The paintings of Dirk Salz lure the viewer closer to them with their unique aura. What is hidden beneath the translucent layers and the vibrating colour transitions, raises questions about art theory, visual perception and the viewer's very personal relationship to art.
Translucent colour surfaces layered on top of each other create an enigmatic depth in the works of Dirk Salz. If you move back and forth in front of them, draw nearer or step away, new elements are revealed while others become hidden again. The viewer is never granted a look at the whole picture and the question of the reality of the image always remains unanswered. The top layer of some of the works present a matte surface, which creates a feeling of blurriness that suggests that beneath the paintings surface lies another hidden composition. The colour fields become hazy and through the nebulous depth effect a strangely meditative feeling of vibration arises, in which one wants to lose oneself.

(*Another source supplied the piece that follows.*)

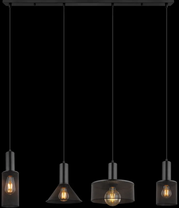 Das 4-flammige GLOBO Retrofit Balkenpendel JEDD hat ein zeitloses Design und passt in den modern eingerichteten Wohnbereich. Durch die elegant gestalteten Lampenschirme in schwarzfarbiger Geflechtoptik ist das höhenverstellbare Pendel der Blickfang über einem großen Wohnzimmer- oder Esstisch. Das tolle Design schafft zahlreiche Kombinationsmöglichkeiten und komplettiert die geschmackvolle Einrichtung. Das Balkenpendel sorgt für angenehmes Licht, das nicht blendet.
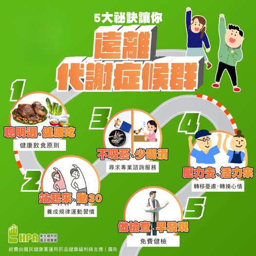 研究顯示,腰圍過大是代謝症候群的重要指標,與高血壓、血糖異常及高血脂等健康問題密切相關,並顯著增加心血管疾病、糖尿病及中風等慢性病的風險。健康來自日常的每個選擇,透過良好習慣、適量運動與均衡飲食,就能降低風險,讓身體回到理想狀態,為幫助民眾關注自身健康,遠離代謝症候群的威脅~

In other works, the final layer is highly glossy, even reflective. Again with this technique, the layered composition cannot be completely deciphered by the viewer, because the mirroring on the surface always reflects the surroundings as well as the viewer himself, as if one wants to look at the bottom of a lake and is prevented from doing so by the reflection of the water. This contrast between repelling glaze and absorbing depth creates a tension that is impossible to escape from. One would like to grasp all secrets from its depth, but is always thrown back on oneself by the reflection. These unavoidable reflections are an integral and essential part of Salz’ painting and belong to the work. The reality of 'actual' image inside the work is therefore constantly changing, deriving in a shift from a single and static reality into multiple or dynamic realities.
The drawings of Dirk Salz present themselves as a separate group of works. Countless lines are repetitively lined up in parallel, under and next to each other. These lines are drawn sometimes closer and sometimes further apart, and show irregularities or gaps at varying intervals. Thus, each line is unique and differs minimally from its neighbours. If one's gaze wanders over the sequence of the pencil traces, the progressive change of the lines can be observed as a stroboscopic movement, making temporality perceptible.
Depth and surface, dynamics and statics, space and time - with these contrasts, Dirk Salz challenges the viewer's perception and lets them dive into a world that seems both familiar and yet so different.